* **ENTRIES PROVIDED**:
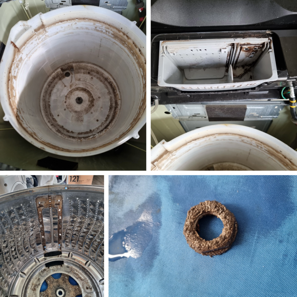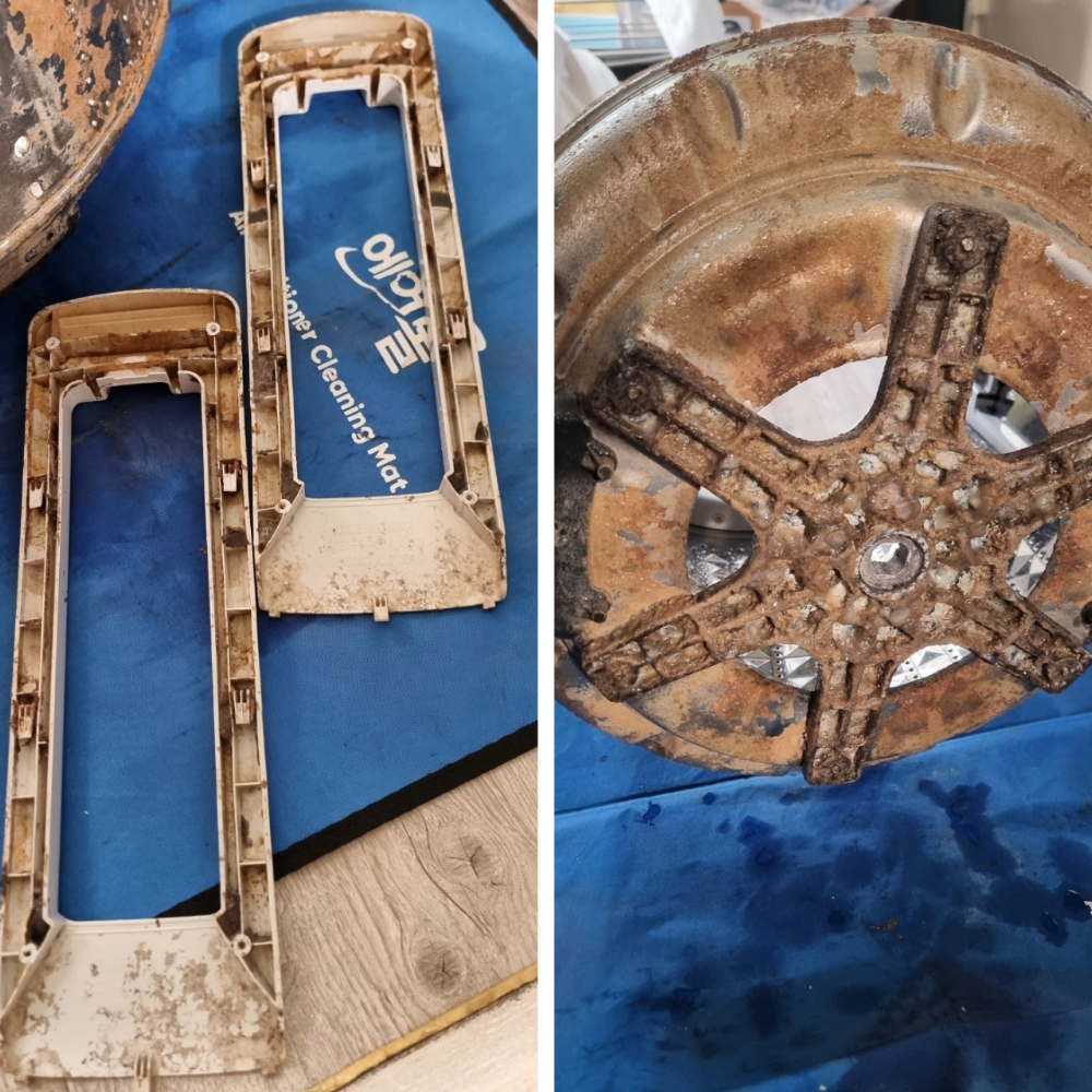 세탁조와 주요 부품을 하나씩 분리해 보니 예상대로 오염이 꽤 누적된 상태였습니다. 세탁조 외부와 바닥면, 그리고 부품 틈새를 따라 굳어 있는 찌든 때가 눈에 띄었고, 일부 구간은 세제 찌꺼기와 물때가 단단하게 굳어 일반적인 닦기만으로는 제거가 어려운 상태였습니다.
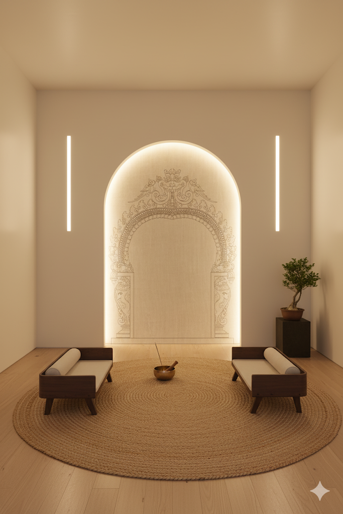 It adapts effortlessly — enhancing puja alcoves, highlighting dining walls, or adding cultural depth to modern living rooms — creating spaces where sacred history flows into present-day elegance.
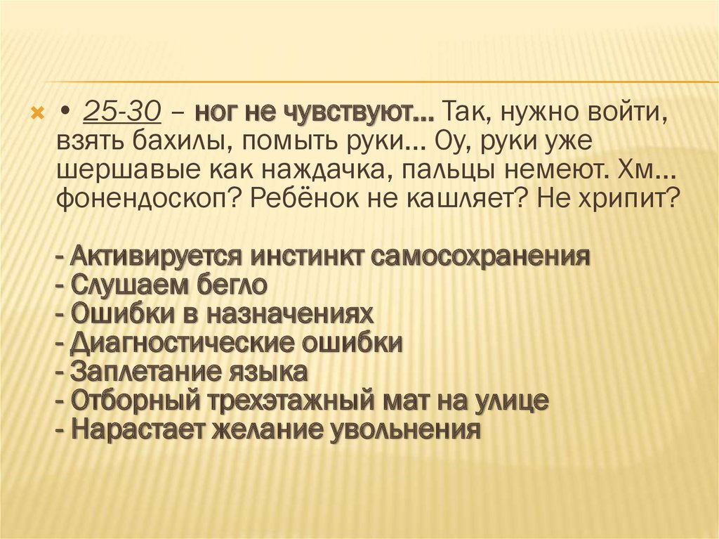 • 25-30 – ног не чувствуют… Так, нужно войти,
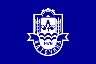 The flag of Batočina is blue with the white emblem of the municipality in the middle.
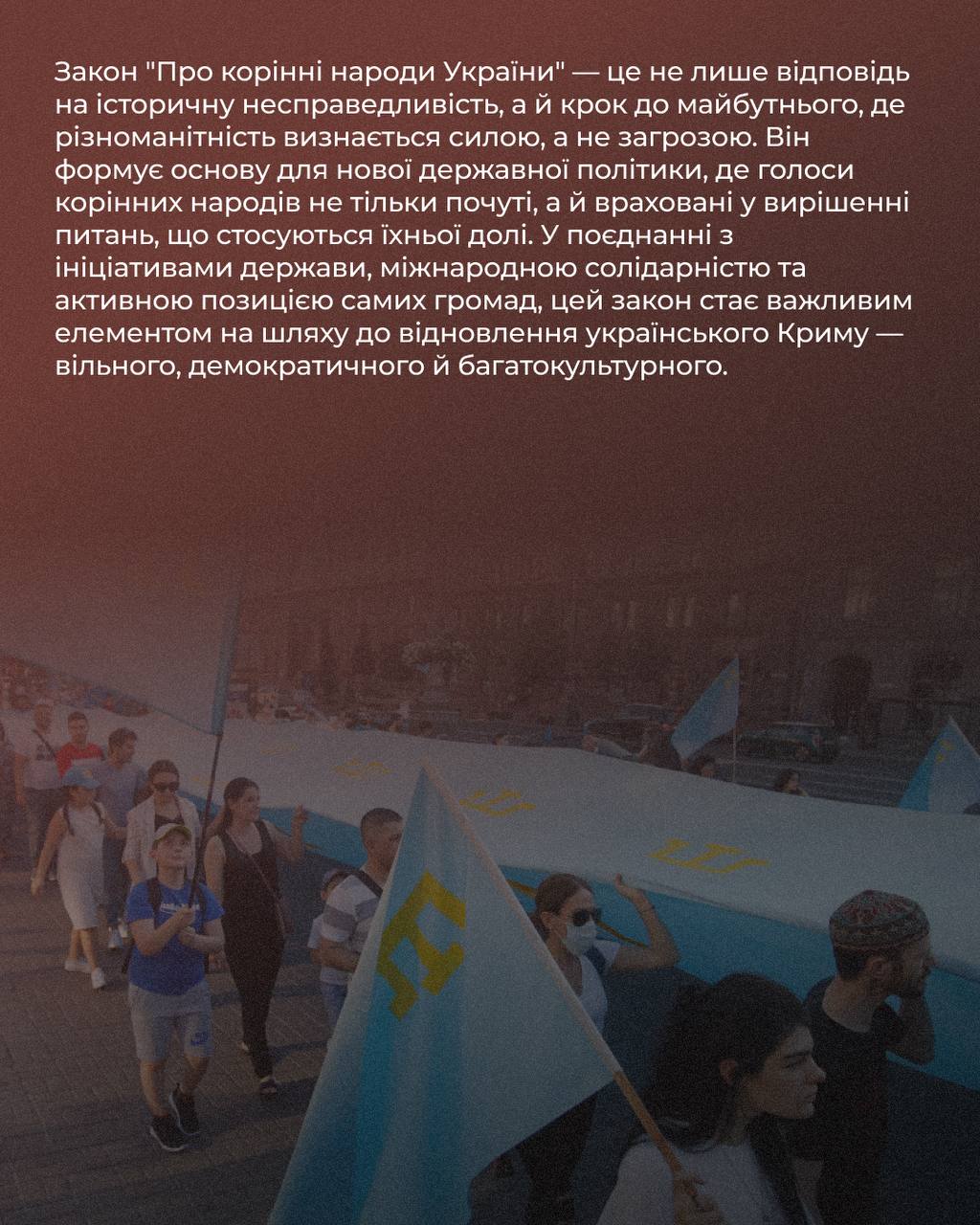 Після 2014 року кримські татари стали символом спротиву окупації. Попри тиск і репресії, вони залишилися вірними Україні. Закон 2021 року — відповідь на цю боротьбу, а також на міжнародні стандарти захисту прав корінних народів.
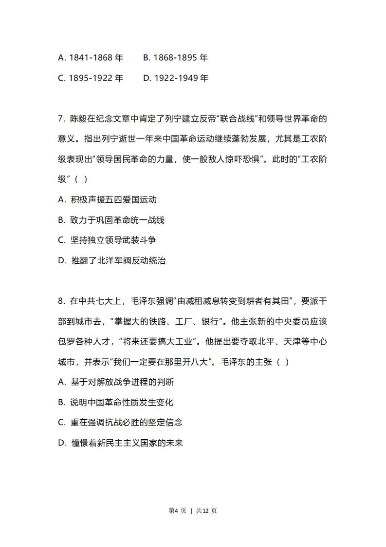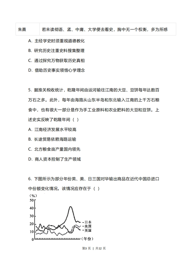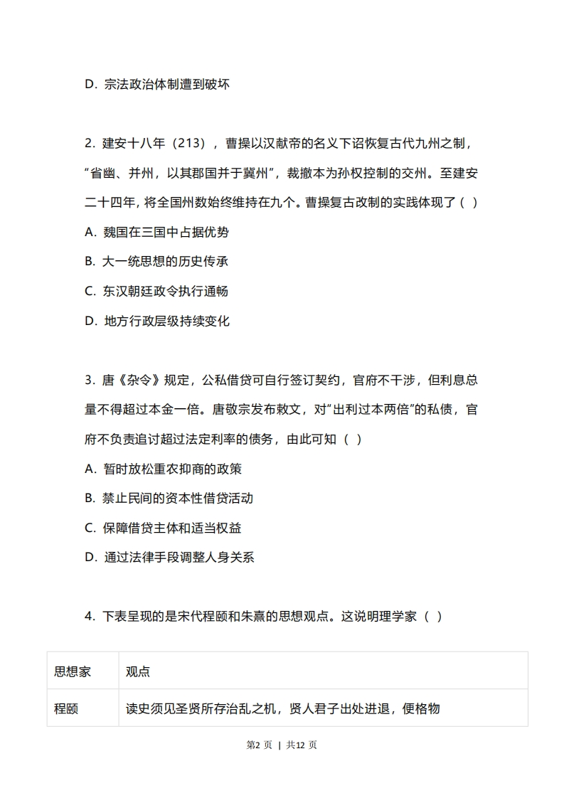 2023年江苏省普通高中学业水平选择性考试注意事项考生在答题前请认真阅读本注意事项及各题答题要求1.本试卷共6页,满分为100分,考试时间为75分钟。考试结束后,请将本试卷和答题卡并交回。2.答题前,请务必将自己的姓名、准考证号用0.5毫米黑色墨水的签字笔填写在试卷及答题卡的规定位置。3.请认真核对监考员在答题卡上所粘贴的条形码上的姓名、准考证号与本人是否相符。4.作答选择题,必须用2B铅笔将答题卡上对应选项的方框涂满、涂黑:如需改动,请用橡皮擦干净后,再选涂其他答案。作答非选择题,必须用0.5毫米黑色墨水的签字笔在答题卡上的指定位置作答,在其他位置作答一律无效。5.如需作图,必须用2B铅笔绘、写清楚,线条、符号等须加黑、加粗。历史一、单项选择题:共16题,每小题3分,共48分。每题只有一个选项最符合题意。1.春秋时期,晋国在兼并虞国等同姓方国时,也与无终戎等北方诸戎和好,以免于在同楚国争霸过程中腹背受敌。这一现象表明当时()A.北方诸戎已融入华夏族B.政治权力下移至卿大夫C.楚国吴起变法成效显著第1页|共12页

* **WHAT TO WORK ON**: Could you write out every record exactly, leaving the pictures out?

* **OUTPUT OF THE EXERCISE**:
 세탁조와 주요 부품을 하나씩 분리해 보니 예상대로 오염이 꽤 누적된 상태였습니다. 세탁조 외부와 바닥면, 그리고 부품 틈새를 따라 굳어 있는 찌든 때가 눈에 띄었고, 일부 구간은 세제 찌꺼기와 물때가 단단하게 굳어 일반적인 닦기만으로는 제거가 어려운 상태였습니다.
 It adapts effortlessly — enhancing puja alcoves, highlighting dining walls, or adding cultural depth to modern living rooms — creating spaces where sacred history flows into present-day elegance.
 • 25-30 – ног не чувствуют… Так, нужно войти,
 The flag of Batočina is blue with the white emblem of the municipality in the middle.
 Після 2014 року кримські татари стали символом спротиву окупації. Попри тиск і репресії, вони залишилися вірними Україні. Закон 2021 року — відповідь на цю боротьбу, а також на міжнародні стандарти захисту прав корінних народів.
 2023年江苏省普通高中学业水平选择性考试注意事项考生在答题前请认真阅读本注意事项及各题答题要求1.本试卷共6页,满分为100分,考试时间为75分钟。考试结束后,请将本试卷和答题卡并交回。2.答题前,请务必将自己的姓名、准考证号用0.5毫米黑色墨水的签字笔填写在试卷及答题卡的规定位置。3.请认真核对监考员在答题卡上所粘贴的条形码上的姓名、准考证号与本人是否相符。4.作答选择题,必须用2B铅笔将答题卡上对应选项的方框涂满、涂黑:如需改动,请用橡皮擦干净后,再选涂其他答案。作答非选择题,必须用0.5毫米黑色墨水的签字笔在答题卡上的指定位置作答,在其他位置作答一律无效。5.如需作图,必须用2B铅笔绘、写清楚,线条、符号等须加黑、加粗。历史一、单项选择题:共16题,每小题3分,共48分。每题只有一个选项最符合题意。1.春秋时期,晋国在兼并虞国等同姓方国时,也与无终戎等北方诸戎和好,以免于在同楚国争霸过程中腹背受敌。这一现象表明当时()A.北方诸戎已融入华夏族B.政治权力下移至卿大夫C.楚国吴起变法成效显著第1页|共12页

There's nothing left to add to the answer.